The "Great Dissenter" goes tomorrow, five weeks short of his 70th birthday when retirement from Australia's highest court is mandatory.

It's unlikely the court will see another quite like him - a judge who is a public intellectual and publicist for the law, a judicial activist and defender of human rights, a gay with a 40-year relationship, an Anglican monarchist.

Some who know him well believe he might have gone into politics if it hadn't been for his sexuality.

He's said that if he had his time again he'd be a historian.

Almost all his life he's been a boundlessly energetic reader, writer, speaker and all round engager in public issues - starting with Sydney University where, on his way to four degrees, he was president of the Student Representative Council and the university union.

His biographer, A J Brown of Griffith University, says he was heavily influenced at university by Julius Stone, who believed the law should be put into its social and economic contexts.

By the late 1960s he was active in the NSW Council of Civil Liberties.

In 1975 Kirby was appointed a deputy president of the Conciliation and Arbitration Commission and first chair of the new Australian Law Reform Commission.

Brown says he could have made the new body a technical forum where lawyers talked about lawyers' problems.

Instead, with his flair for publicity, he gave it a high profile as an agency engaged in the intersection of the law with the issues of the day.

An example was its work on privacy, which became the basis of the public sector's privacy regime and was later expanded to private companies.

After a brief stint on the federal Court, he became president of the NSW Court of Appeal in 1984.

Then premier Neville Wran told Brown that his choice was between an existing judge, or a young go-getter who'd bring cultural change to the court.

Kirby nailed his colours to the mast early by finding, in the Osmond case, that citizens have a common law right to be given reasons for government decisions affecting them.

It was a classic piece of judicial activism that was overturned by the High Court.

He also made the court more collegial with innovations like breakfasts where he plied his fellow judges with raisin toast.

He never found such congeniality on the High Court, to which the Keating government, shortly before its defeat, appointed him in February 1996.

Over the following years he became the court's best known figure, mainly because of his dissents and his innumerable speeches - over his career more than 2,000 published and no-one knows how many others.

Director of the Gilbert+Tobin Centre for Public Law at the University of NSW Andrew Lynch says Kirby's overall dissent rate was about 33 per cent, and up to 50 per cent in some years. The next highest in the court's history was Lionel Murphy at 21 per cent.

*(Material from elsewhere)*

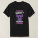 I give wanted to give this a 4 instead of a 5 because these Basic DARK T0shirts run unexpectedly SLIM or Narrow. Which is great if you do not have a potbelly, but I have a paunch. It isn't the shirt's fault that I've got a beer belly. The design and shirt itself is a quality cotton shirt. The color is more of a deep purple, but still a very pretty color. The Basic DARK T-shirts run a bit SLIMMER than the Basic Ts. The neck is a fraction narrower (or seems to be narrower) also. I'm a paunchy middle-aged woman and my neck is 12 inches (31cm) thick and the neckline fell about the same as in the photo of the man, and I had the desire to tug it a bit. So if you're a thick necked man or like loose shirts, be aware these are slimmer shirts. Once I get rid of my lockdown paunch it'll look great. The shirt washed well in cold water with no apparent bleeding. We don't have a dryer, so it hung dry. Did not shrink. Love the colors and the design. The design looks smaller on my shirt than it does on the model on-line. But still, it looks good on the shirt. The printing looks as it does on the model, just the size seems fractionally smaller. Washed garment in cold water, hung dry and design appeared unaffected.

Yet Kirby believes, and Lynch agrees, that his dissent rate would have been much lower if he'd been a member of Anthony Mason's court.

Lynch says Kirby's defining methodology was that of an internationalist who refused to see Australian law in isolation from overseas ideas, particularly in relation to human rights.

Brown says Kirby is regarded as much less radical in Europe than Australia.

Kirby himself has said he's inspired by a love of fellow human beings and a duty to do, within the law, what he can to prevent the pain and misery that injustice can cause.

And he sees his dissents as an appeal to the future, with no doubt some of them will be revisited: "Everyone knows that, in the judiciary, today's dissent occasionally becomes tomorrow's orthodoxy."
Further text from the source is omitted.